Tuesday, September 11, 2012

A BERKELEY STATE OF MIND

By Ben Mattlin

It's widely reported that a certain famous novelist has a new book out that takes place on and around Telegraph Avenue--that multicultural boulevard running through Berkeley and Oakland, California. A worthy landscape, to be sure, but I can't help wondering if his fiction will do justice to that area's seminal role in the disability-rights movement.

Granted, it may seem a small part of that vibrant cityscape's history.  Small to you, that is.  As a lifelong wheelchair-user, I can't help regarding Berkeley and environs as a kind of Holy Land.

I myself didn't understand their importance until researching my own book--a memoir about growing up during the height of disability rights.  I found myself referencing Berkeley over and over again.

In fairness, I haven't been privy to the celebrated author's new novel yet, but I'm reasonably certain there's little or no overlap in our takes on Berkeley.  Does he mention the Rolling Quads, for instance?  Doubtful.  But once you learn of them, how can you forget this Merry Prankster-ish troop of early activists who tooled around the Bay Area protesting access barriers in the late 1960s in revolutionary devices known as motorized wheelchairs?

Does he reference the world's first curb ramp for wheelchair-users, cut at the corner of Telegraph Avenue and Bancroft Way?  Or that it was at the renowned University of California, Berkeley, campus that Ed Roberts, a polio survivor, fought for (and won) the right to attend regular classes in his wheelchair, decades before any disability-rights laws had even been considered?

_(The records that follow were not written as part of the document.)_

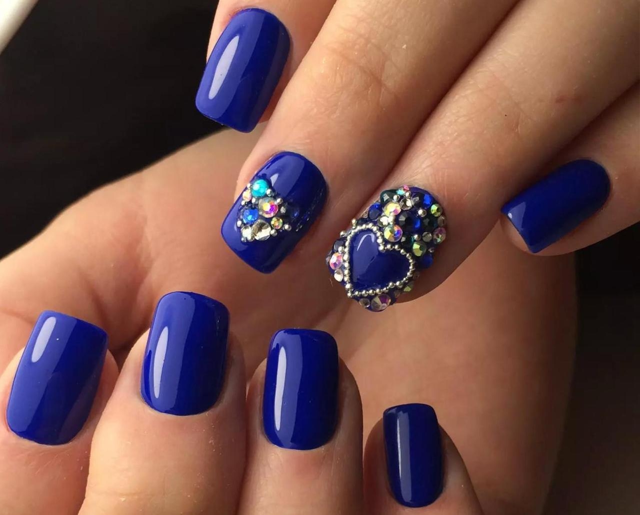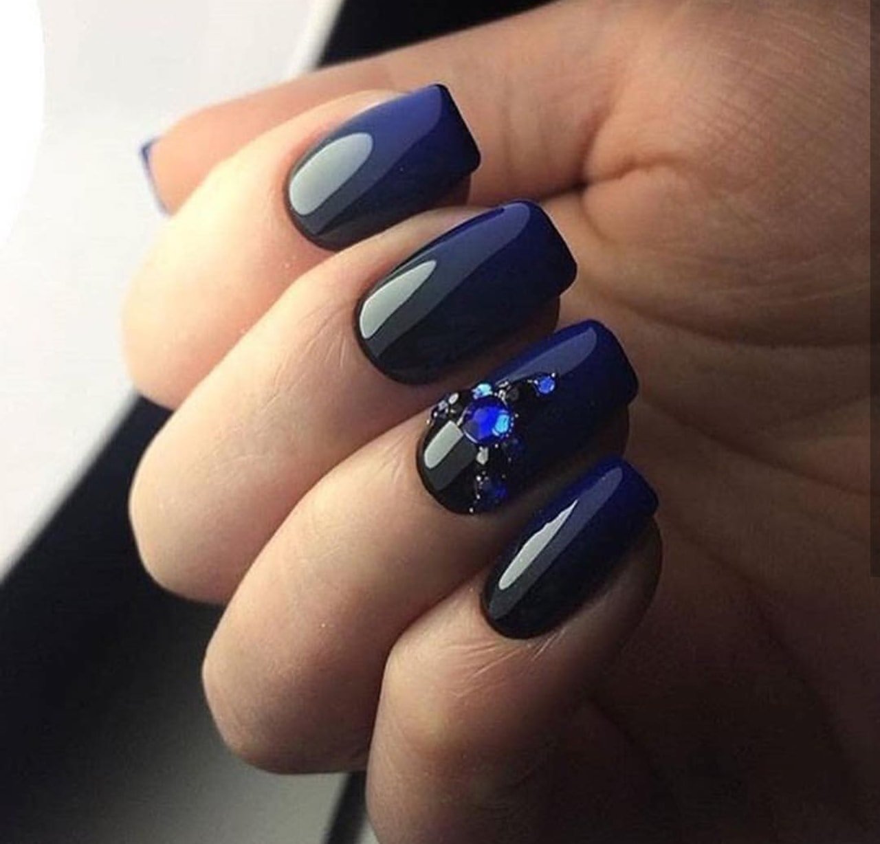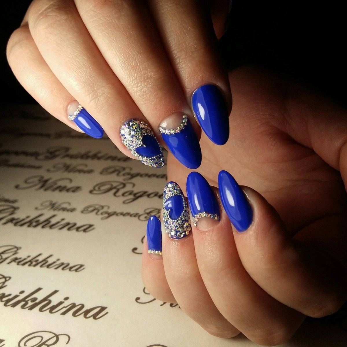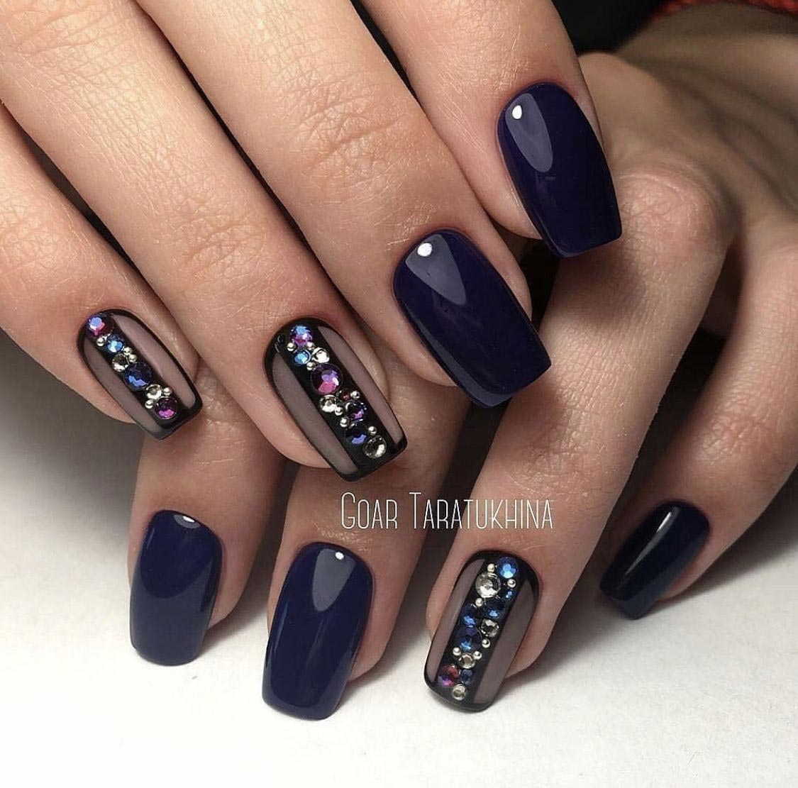 Синяя палитра — лучшее решение для сочетания с серебристым блеском страз. Выбирайте холодные оттенки, чтобы создать стильный маникюр. Если отдаете предпочтение теплым оттенкам, выбирайте золотистые стразы или цветные.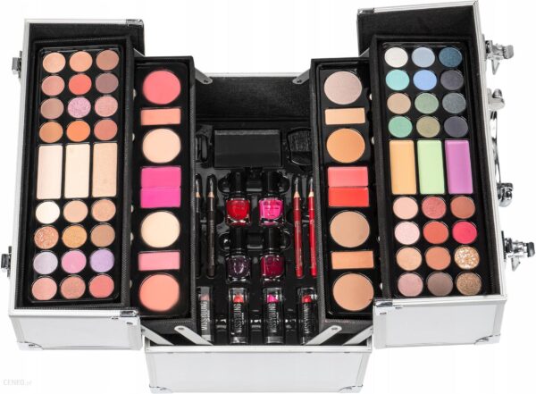 Zestaw z kosmetykami w eleganckim unikatowym kuferkuKuferek zapakowany w tekturowe eleganckie pudełko.PIĘKNY ZESTAW SKŁADAJĄCY SIĘ Z 91 ELEMENTÓW!!!Świetny pomysł na prezent!UWAGA!!! DWA KOLORY DO WYBORU. RÓŻOWY I SREBRNY. PO ZAKUPIE NAPISZ, KTÓRY KOLOR WYBIERASZ. INACZEJ WYBIERAMY KOLOR LOSOWO!!!!W skład zestawu wchodzą następujące elementy:* 48 x cień do powiek* 6 x pudrowe cienie do powiek* 6 x korektor* 4 x błyszczyk do ust* 6 x róż* 4 x lakier do paznokci* 4 x pomadka do ust* 2 x konturówka do ust* 2 x kredka do oczu* 4 x dwustronny aplikator do cieni* 1 x pędzel do różu* 2 x pędzelek do ust* 1 x lusterko* 1 x temperówkaKOLOR NR 1 – SREBRNYKOLOR NR 2 – RÓŻOWY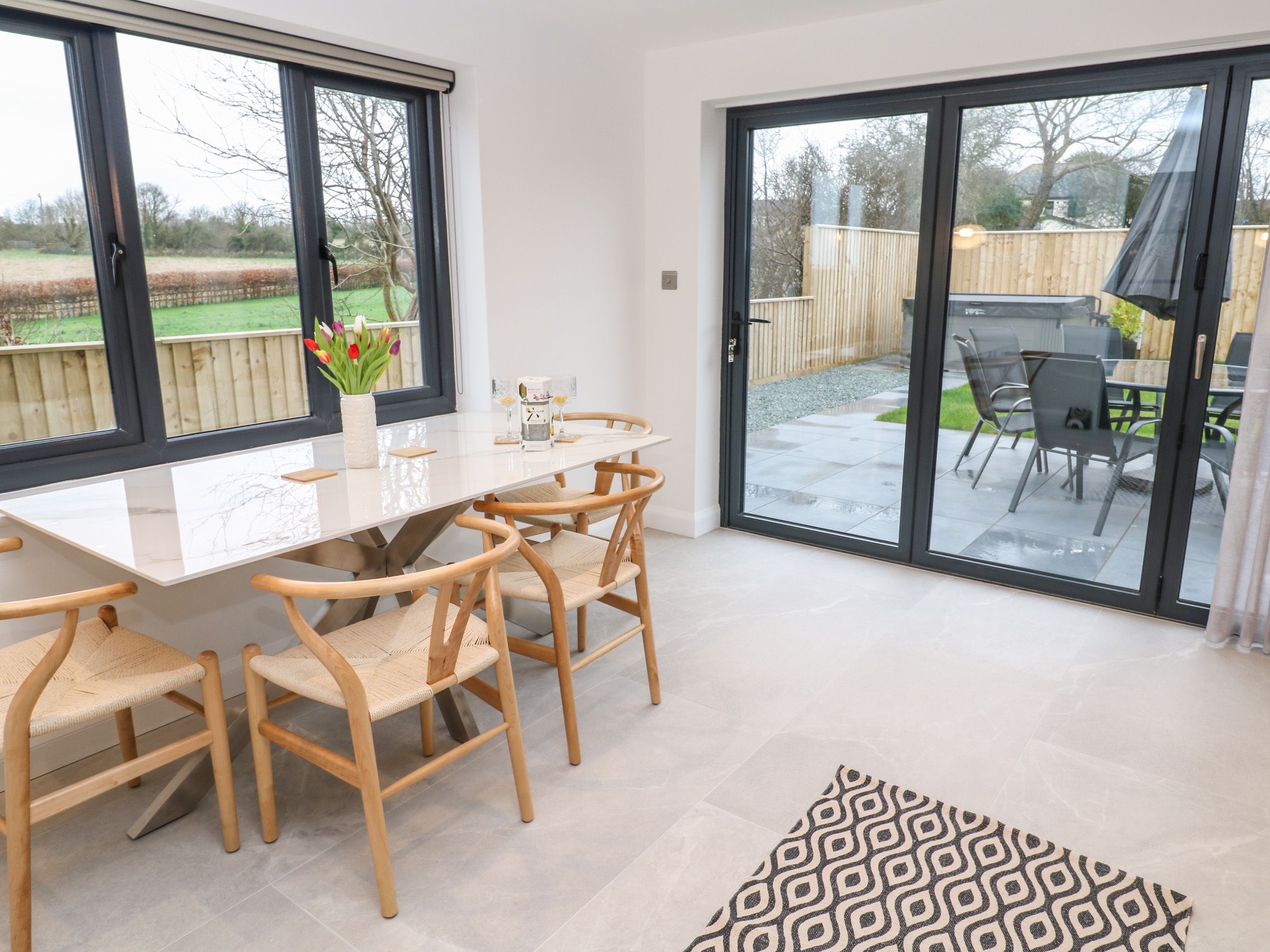 Underfloor heating throughout, Air source heat pump. Electric oven, induction hob, combination microwave oven, fridge/freezer, washing machine, tumble dryer and dishwasher. 4 x Smart TV and WiFi. Fuel, power inc. in rent. Bed linen and towels inc. in rent. No through lane leading to ample off-road parking for 4 cars. Enclosed side and rear garden with lawn and patio with generously sized Master Spas hot tub, with 5 seats and 1 lounger. Two well-behaved dogs welcome, if you wish to bring more please enquire first. Sorry, no smoking. Shop 0.1 miles, pub 0.1 miles, Restaurant and Farm Shop 1 mile and beach 2 miles. Please note the property has an open tread staircase - please take care when using them. Please note the high chair is a baby booster seat.

Roberts is now known as the father of the independent-living movement, which went beyond the political idea of equal rights to actually mapping out how people who were so totally dependent on others physically could be empowered to control their own lives.  His legacy (he died in 1995) is a national network of independent-living centers designed to support people with disabilities in that quest.
 
No reason the famous novelist should listen to me.  His story and mine are completely dissimilar, I'm sure.  And I have no personal stake in Berkeley--I don't live there--other than the debt of gratitude I feel.  Yet I remember my father's taking me to the original ILC there, in 1979.  I was on the cusp of starting college on the East Coast, of living on my own (with a paid attendant) for the first time.  Dad thought the place might inspire us, teach us something.  What I recall mostly is my adolescent discomfort at all that talk about rights and empowerment--but I loved the gadgets.  The speakerphones, remote switches for lights, and souped-up, customized wheelchairs that have become emblematic of modern disability life.

I'm confident I'm not the only one who feels this visceral connection.  Many disabled people's lives have been profoundly affected by Berkeley's revolutionary zeal.  Leaving this particular material out of any yarn about Berkeley would seem a major disservice.  Even today, Berkeley is the home of the World Institute on Disability, a leading think tank on nonmedical, non-technological, disability-related issues.  Policy leaders from around the globe convene on its campus to discuss the very survival of what, in some countries, is the most marginalized population.
 
Chances are the celebrity novelist already knows some of this, though he might not feel it in his bones the way people like me do.  You can't spend time in Berkeley and not be aware of its sizable disability presence.  And in truth, the city itself takes up only a small piece of my book.  (The word "Berkeley" appears only a dozen times out of some 75,000 words.  I counted.)  But I like to think its spirit pervades my true tale of the struggle to achieve a sense of autonomy and pride in a sometimes unaccommodating, even hostile, world.  Isn't that what Berkeley-ism is all about?
 
Perhaps the eminent novelist and I could tag-team.  Not that we should literally tour together, but could we defer to each other on specific areas of expertise?  I'll take the accessibility stuff, and he can have the rest.  Yes, trying to piggyback my book promotion off of his (and vice versa) may sound crazy.  But these days, when you're not supposed to judge a book by its cover but are expected to judge it by dubiously-sourced online reviews, who knows?  Maybe I'm onto something.  Maybe this'll prove a winner after all.